I have been extremely week these last few weeks. The pain is taking it’s toll and Monday evening I even fainted and fell over. Fortunately Trouble 2 and Audrey were here and I came back from the fog seeing their concerned faces above me. I was lucky though, I was okay, only a bit shaken and light headed. The morning after I woke up wanting a bloody beef and red wine. Craving it. Like my body needed concentrate of powerful life savors. Well, I didn’t have it for breakfast, but for dinner the very same day!
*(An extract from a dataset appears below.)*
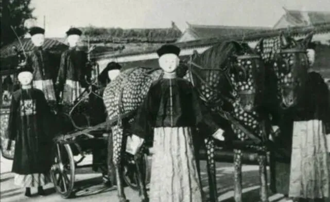 慈禧葬礼上的纸人,有太监有清兵,美其名曰给慈禧去阴曹地府打前站。这些纸人纸马和真的一般大小,扎的都非常逼真。
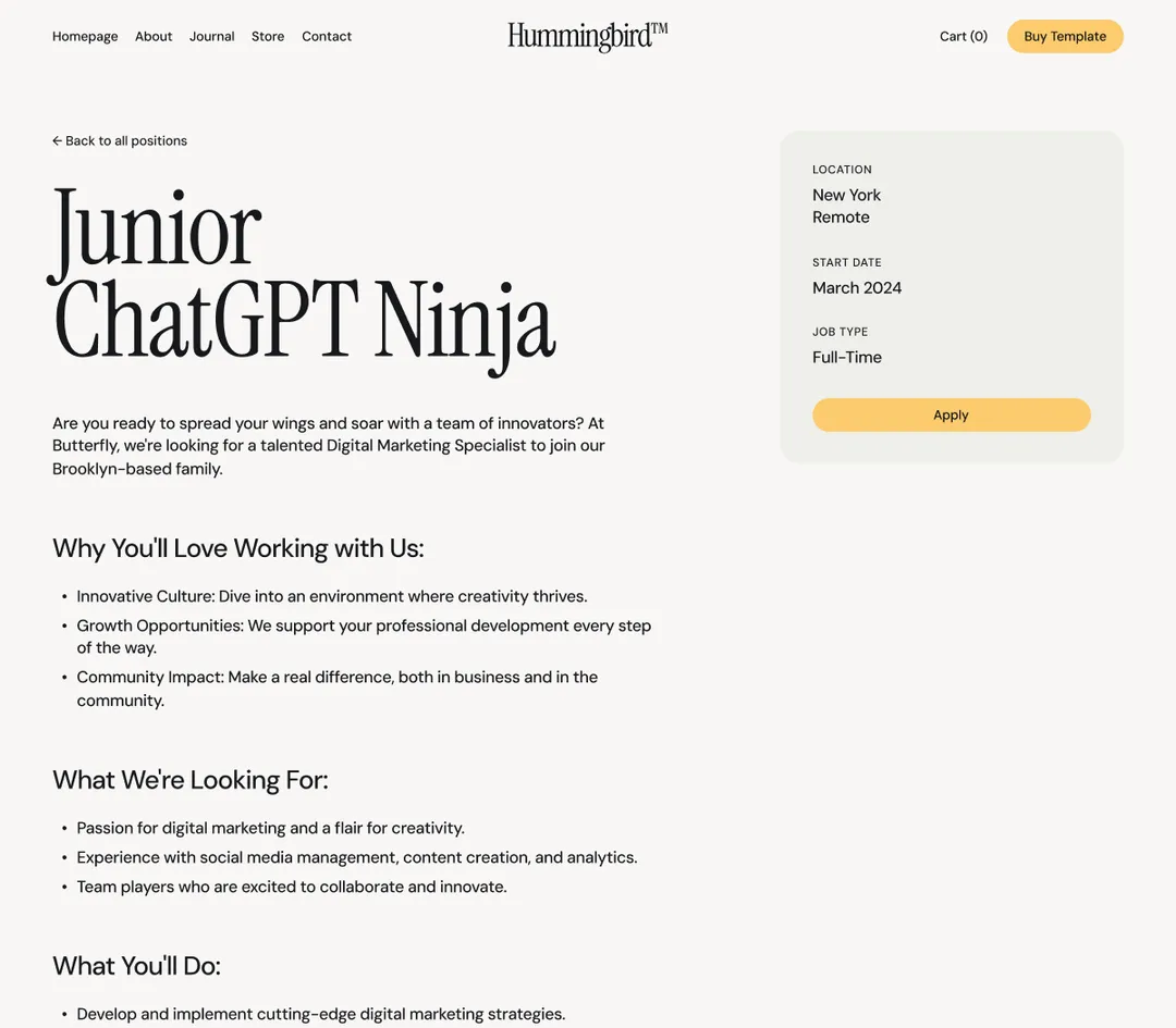 Hummingbird includes a blog and careers collections that are made on the powerful Webflow CMS. This will let you add new content extremely easily.

Since the cancer I have made it a thing celebrating my birthday. I am not wining about getting older any more (well, that’s not entirely true, it’s more about what I still haven’t accomplished at this high age and the meaning of my life though) but instead organizing birthday parties I am not able to contribute to in any other way than the organizing itself.
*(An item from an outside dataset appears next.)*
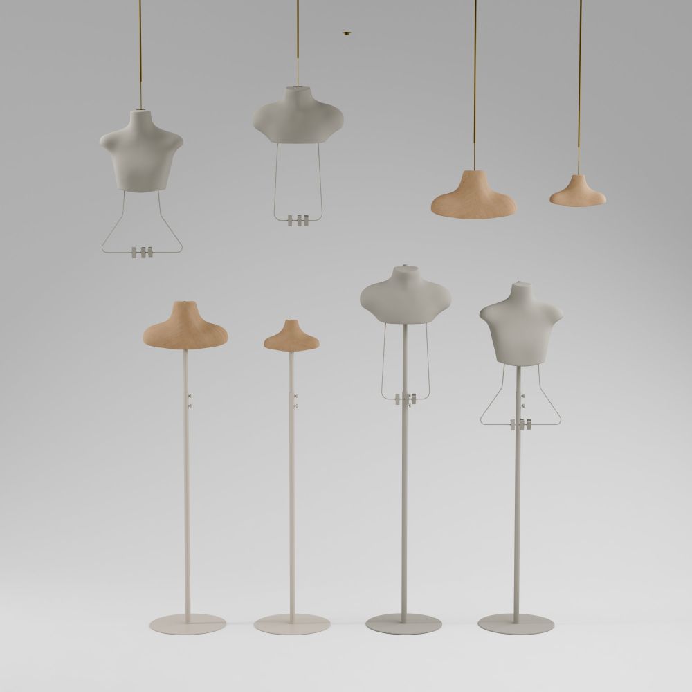 Męski tors z kolekcji FLO to idealne rozwiązanie dla tych, którzy szukają minimalistycznego, ale funkcjonalnego sposobu prezentacji całych stylizacji. Metalowa rama, zintegrowana z bryłą torsu, pozwala w estetyczny sposób zaprezentować zarówno górne, jak i dolne elementy garderoby – od marynarki po spodnie.

Friday morning I woke up from Trouble 2 and Audrey singing at my bedside, carrying a tray with tulips and cake. Yes, that’s how we start our birthdays in Sweden, cake for breakfast and in bed. Only, it must have been ten years or so since it happened to me. Trouble 2 and Audrey have been staying with me this week, but I honestly didn’t expect a morning celebration, and it made me very happy. An then I had something really nice to look forward to in the afternoon: my neighbor Jenny and my mother’s cousin Bertil were going to have dinner with us!

Bertil is born the day before me, and Thursday he turned 93. Yes. Bertil is an astonishing man with a sharp intellect, wonderful stories to tell and in the same time contemporary and fully updated. At the table five people at the age of 21,25,33,58 and 93, just the perfect mix! And what made it even more special was the fact that I could actually sit at the dining table for the first time since the Holidays!
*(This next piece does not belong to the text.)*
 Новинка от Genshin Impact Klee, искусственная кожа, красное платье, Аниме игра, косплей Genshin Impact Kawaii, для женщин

So, that’s the first birthday party. The warming up party. My friend Mats’ birthday is only a couple of days apart from mine, and we have made it a tradition to celebrate together. Yesterday the two of us and his wife Agneta got together here at my place with our children and their girlfriends, wife and boyfriend. It was a potluck, and boy were we lucky with the pots! Not I of course, but I payed for the wine, that was my humble contribution.

The evening had an agenda:
1. Attach my new TV on the wall
2. Have dinner
3. Watch Lulin

I bought a new TV set before Christmas. More on that some other time, it’s a topic for it self. Anyway, the TV has been sitting on the floor leaning against the wall for close to two months now. Trouble 1 & Trouble 2, Audrey, Fay and cousin Johannes have tried twice to get it up on the wall and failed. We needed to call in expertise. We needed Mats.

When you ask Mats for help in practical matters he brings a good part of his work shop, to be on the safe side. And he takes on the assignment with great focus and a cheery mind. He is also very thorough and precise with the details. Engaging Mats on a task guarantees a job well and safely done. I will marry Mats in my next life. Agneta knows and I have her blessing.

So, Mats set his mind on the TV job and there were several hands to help. Other hands set the table. Pots, balloons, silver ribbons, flowers and my Portuguese Matteus dining ware. We were twelve at my table, having tasty food, nice wine and low carb cake. Mats and I were celebrated in the loveliest way, and I am so grateful for my dear friends and all our kids putting up with my party organizing, showing up on my calls!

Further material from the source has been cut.